* **About this exercise**:
In the records below, find the line that contains "전시 후반부에는 플라스틱의". Retype that line and all the lines after it through the end, leaving out the pictures.

* **Exercise inputs**:
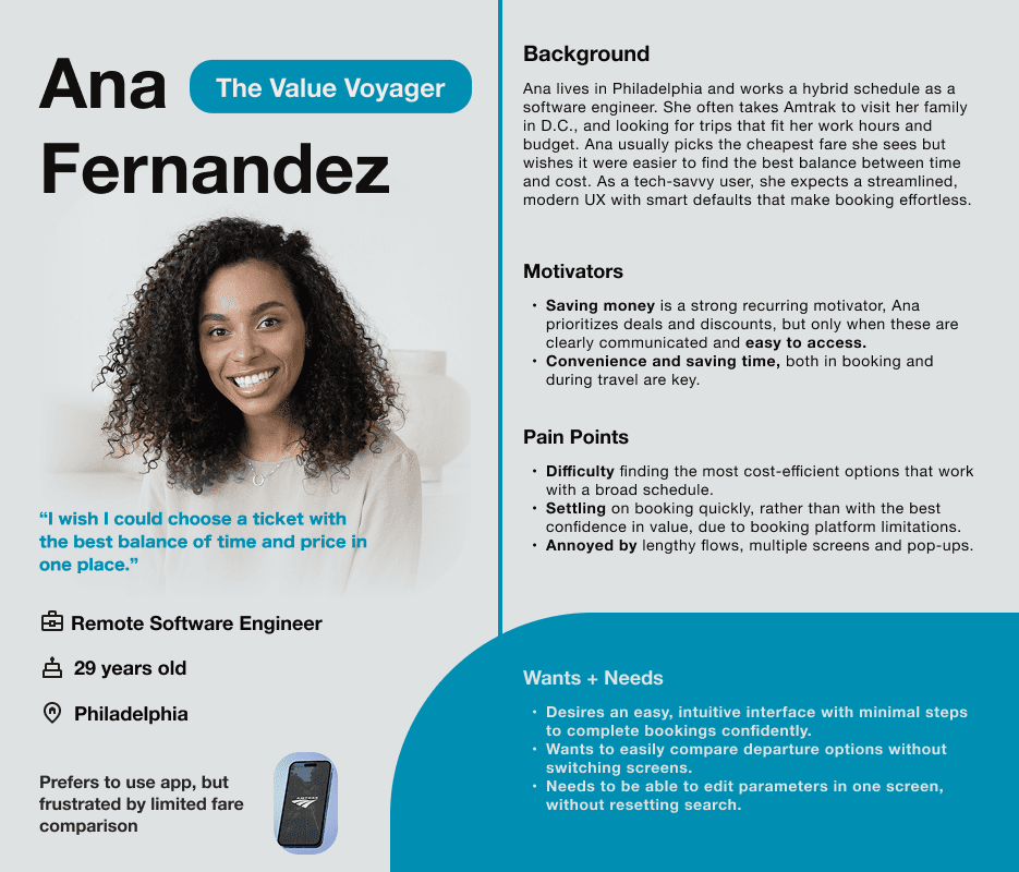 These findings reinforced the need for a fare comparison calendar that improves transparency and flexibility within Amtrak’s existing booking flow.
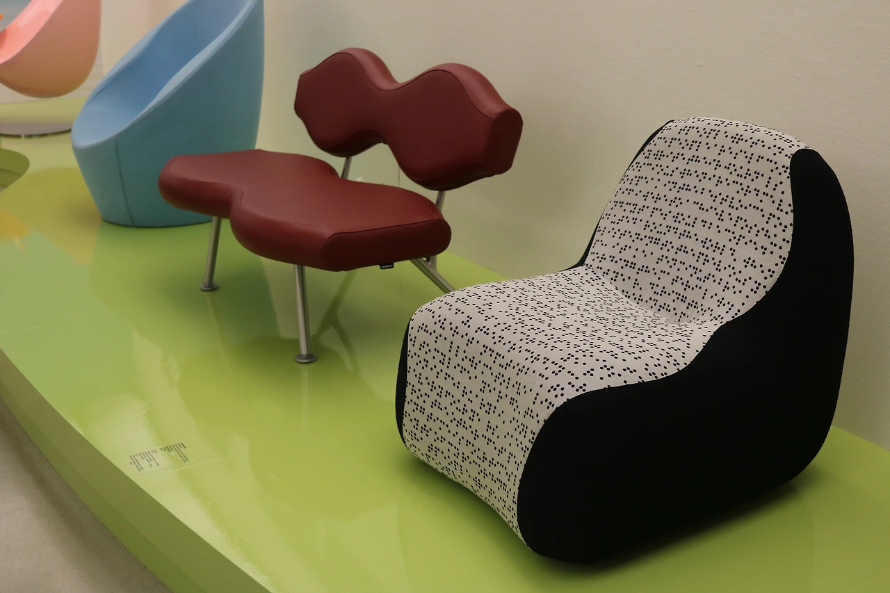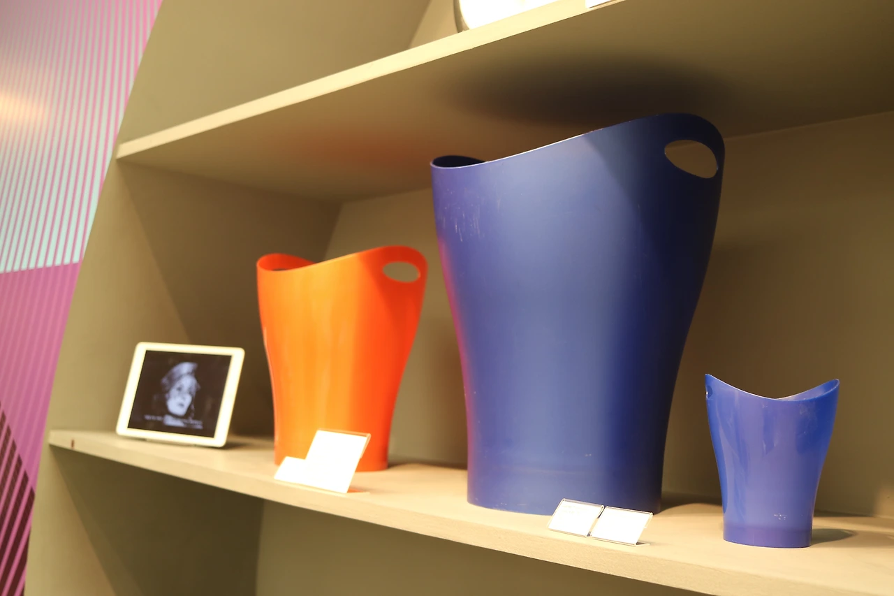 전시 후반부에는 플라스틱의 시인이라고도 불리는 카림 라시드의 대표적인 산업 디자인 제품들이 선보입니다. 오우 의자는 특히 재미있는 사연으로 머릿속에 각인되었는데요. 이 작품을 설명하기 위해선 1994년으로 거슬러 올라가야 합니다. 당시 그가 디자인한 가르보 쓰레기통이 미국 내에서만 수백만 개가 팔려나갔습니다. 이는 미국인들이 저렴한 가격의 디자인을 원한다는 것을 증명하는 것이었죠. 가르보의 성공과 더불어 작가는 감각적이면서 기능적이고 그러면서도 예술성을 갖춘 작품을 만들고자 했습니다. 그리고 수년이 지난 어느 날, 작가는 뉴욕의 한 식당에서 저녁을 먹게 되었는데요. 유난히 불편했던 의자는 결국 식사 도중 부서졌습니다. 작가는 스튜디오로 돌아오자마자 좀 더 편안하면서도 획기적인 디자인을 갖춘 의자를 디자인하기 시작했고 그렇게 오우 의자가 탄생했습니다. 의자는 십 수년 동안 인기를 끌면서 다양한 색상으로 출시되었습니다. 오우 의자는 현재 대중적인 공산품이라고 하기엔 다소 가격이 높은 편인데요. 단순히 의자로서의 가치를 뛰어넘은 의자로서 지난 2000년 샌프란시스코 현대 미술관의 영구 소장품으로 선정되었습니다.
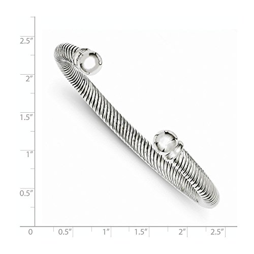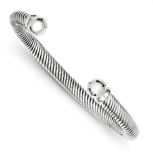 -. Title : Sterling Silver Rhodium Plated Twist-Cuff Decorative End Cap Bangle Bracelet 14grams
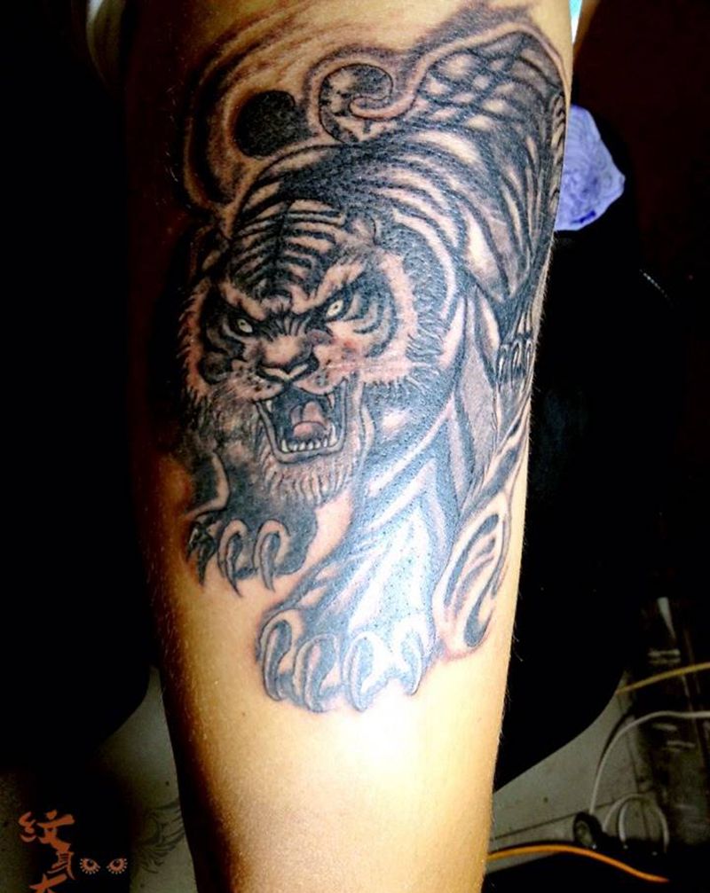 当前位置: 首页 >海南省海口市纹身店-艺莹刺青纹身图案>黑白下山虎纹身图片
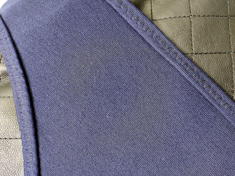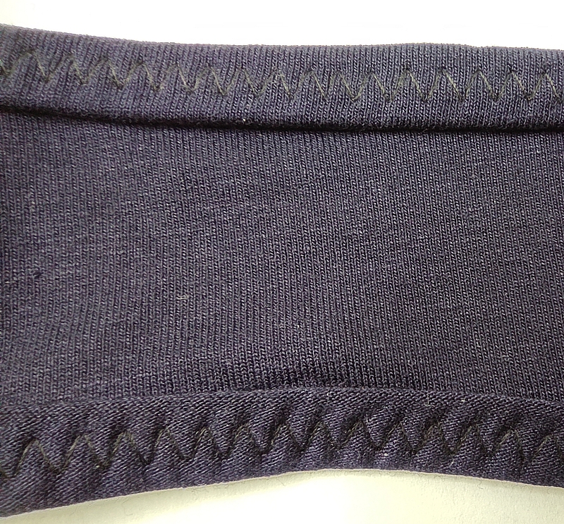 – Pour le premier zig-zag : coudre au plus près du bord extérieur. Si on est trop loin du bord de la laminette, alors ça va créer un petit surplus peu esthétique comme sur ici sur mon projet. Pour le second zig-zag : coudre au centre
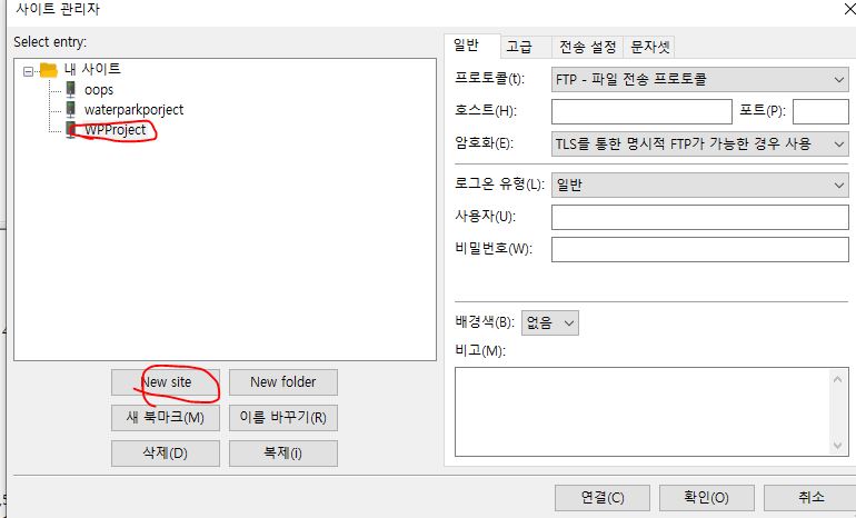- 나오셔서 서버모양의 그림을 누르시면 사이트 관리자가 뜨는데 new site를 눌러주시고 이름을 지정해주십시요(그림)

* **Task result**:
 전시 후반부에는 플라스틱의 시인이라고도 불리는 카림 라시드의 대표적인 산업 디자인 제품들이 선보입니다. 오우 의자는 특히 재미있는 사연으로 머릿속에 각인되었는데요. 이 작품을 설명하기 위해선 1994년으로 거슬러 올라가야 합니다. 당시 그가 디자인한 가르보 쓰레기통이 미국 내에서만 수백만 개가 팔려나갔습니다. 이는 미국인들이 저렴한 가격의 디자인을 원한다는 것을 증명하는 것이었죠. 가르보의 성공과 더불어 작가는 감각적이면서 기능적이고 그러면서도 예술성을 갖춘 작품을 만들고자 했습니다. 그리고 수년이 지난 어느 날, 작가는 뉴욕의 한 식당에서 저녁을 먹게 되었는데요. 유난히 불편했던 의자는 결국 식사 도중 부서졌습니다. 작가는 스튜디오로 돌아오자마자 좀 더 편안하면서도 획기적인 디자인을 갖춘 의자를 디자인하기 시작했고 그렇게 오우 의자가 탄생했습니다. 의자는 십 수년 동안 인기를 끌면서 다양한 색상으로 출시되었습니다. 오우 의자는 현재 대중적인 공산품이라고 하기엔 다소 가격이 높은 편인데요. 단순히 의자로서의 가치를 뛰어넘은 의자로서 지난 2000년 샌프란시스코 현대 미술관의 영구 소장품으로 선정되었습니다.
 -. Title : Sterling Silver Rhodium Plated Twist-Cuff Decorative End Cap Bangle Bracelet 14grams
 当前位置: 首页 >海南省海口市纹身店-艺莹刺青纹身图案>黑白下山虎纹身图片
 – Pour le premier zig-zag : coudre au plus près du bord extérieur. Si on est trop loin du bord de la laminette, alors ça va créer un petit surplus peu esthétique comme sur ici sur mon projet. Pour le second zig-zag : coudre au centre
- 나오셔서 서버모양의 그림을 누르시면 사이트 관리자가 뜨는데 new site를 눌러주시고 이름을 지정해주십시요(그림)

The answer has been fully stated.